Всё что я видел, знал или помнил о Вихре оказалось изрядным
преуменьшением. Эта громадина возвышалась до самого неба,
разливаясь по густым облакам огненным маревом. До него всего
несколько километров, и даже отсюда заметно медленное, гротескное
вращение этой махины.
Вихрь растянулся вширь на километры, угрожающе нависая над
близлежащей территорией, и до того удивительно, что никаких
разрушительных последствий, никакого буйного ветра. Лицо обдувал
лёгкий, прохладный бриз, в тишине слышался шелест листвы. Как будто
Вихрь всего лишь голографическое изображение.
- Дерьмо, - резюмировал Михайлов, пнув оставленную кем-то
бутылку.
Звякнув о каменную дорожку, та весело покатилась к парадному
входу. Парадный… Одно только название.
- А мне нравится! Здесь так… самобытно!
Анна Игоревна преобразилась за время поездки. Сменив строгую
форму Магистерия на спортивные леггинсы и топик, она каждую
остановку демонстрировала изящество и скульптурные формы своего
тела. Оттягивавшая белую ткань грудь пробуждала во мне первобытные
инстинкты, а переданная по наследству память Фёдора подбрасывала
совсем стыдные воспоминания. Ах ты маленький негодник…
- Расслабьте булки, субботника не будет, - весело подхватив
сумки, я направился к «парадному» входу. – Вечером это место
приведут в порядок. Когда я найду лодырей, которым доверили
особняк…
Михайлов, с остальными сумками, нагнал меня в холле. С
электричеством полный абзац, воды тоже нету. Ладно хоть затхлого
запаха сырости не было, здесь просто чертовски пыльно.

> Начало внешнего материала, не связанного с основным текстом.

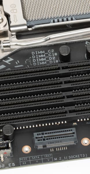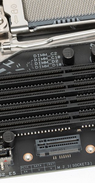 Еще одно гнездо M.2_1 имеет вертикальное расположение. Данный слот взаимодействует через Х299 и поддерживает накопители с любым интерфейсом.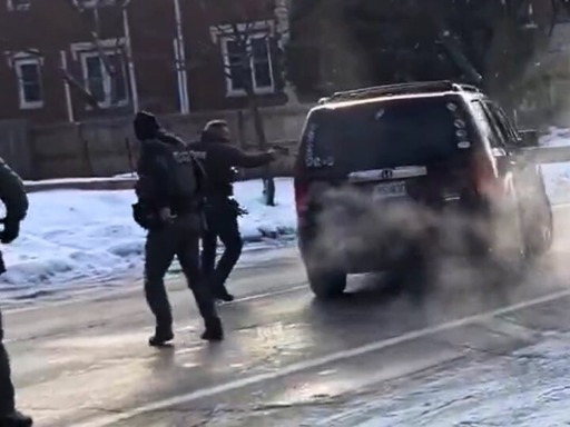 One of the longest clips shows the woman attempting to ‘three point turn’ her car to leave the scene before agents then approach the car intending to drag her out. An agent fires through the car window at point-blank range as she tries to get away.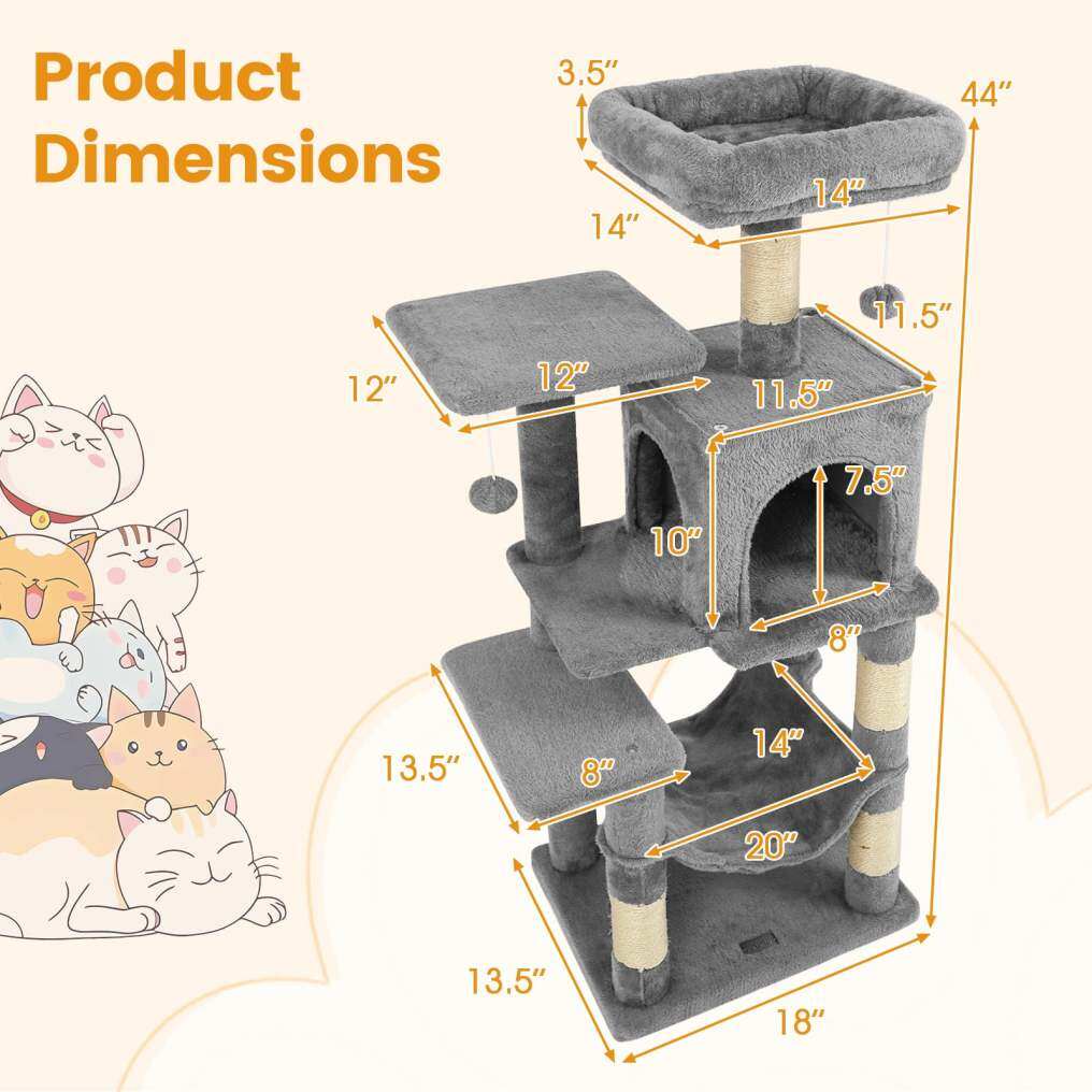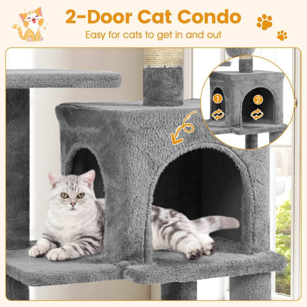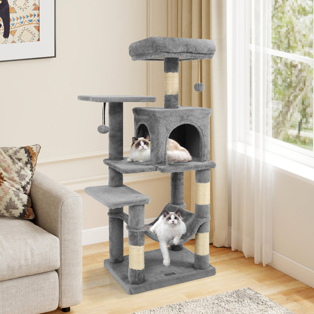 ● More Fun Spots: Featuring multiple climbing platforms, this cat tower satisfies your cat's natural instincts. Plus, a roomy 2-door condo provides a cozy resting place, while a fluffy hammock allows your cat to swing comfortably.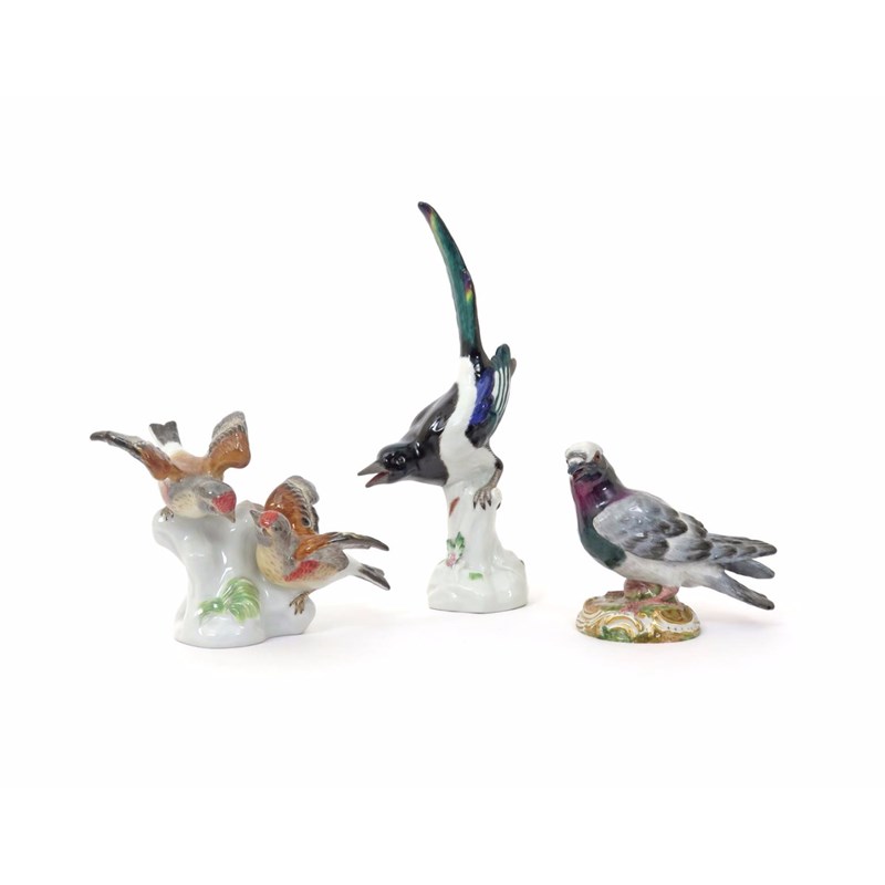Three Meissen bird groups 20th century, comprising a pair of finches perched on a low stump with wings outstretched, a dove or pigeon with beak agape and naturally coloured plumage, and a magpie with tail erect and beak agape, blue crossed swords marks, minor damages, 20cm max. (3)

- Дважды дерьмо, - горячился Саша, скидывая с мебели белые
простыни, поднимая пылевое облако. – И надолго мы здесь
застрянем?
- Я уже говорил. Теперь это мой дом, Саш. Привыкай.
- Не хочу. Ты ведь мог договориться с господином графом, выбрать
место хотя бы с электричеством… - раздосадовано пнув стену, он
пробубнил. – Не понимаю я этого побега.
Устало протерев уголки глаз, я набирался терпения. Михайлов всю
дорогу мусолил эту тему, взывал к разуму, сыновьим чувствам и
здравому смыслу. Я выслушал все аргументы по два раза, а он всё не
унимался.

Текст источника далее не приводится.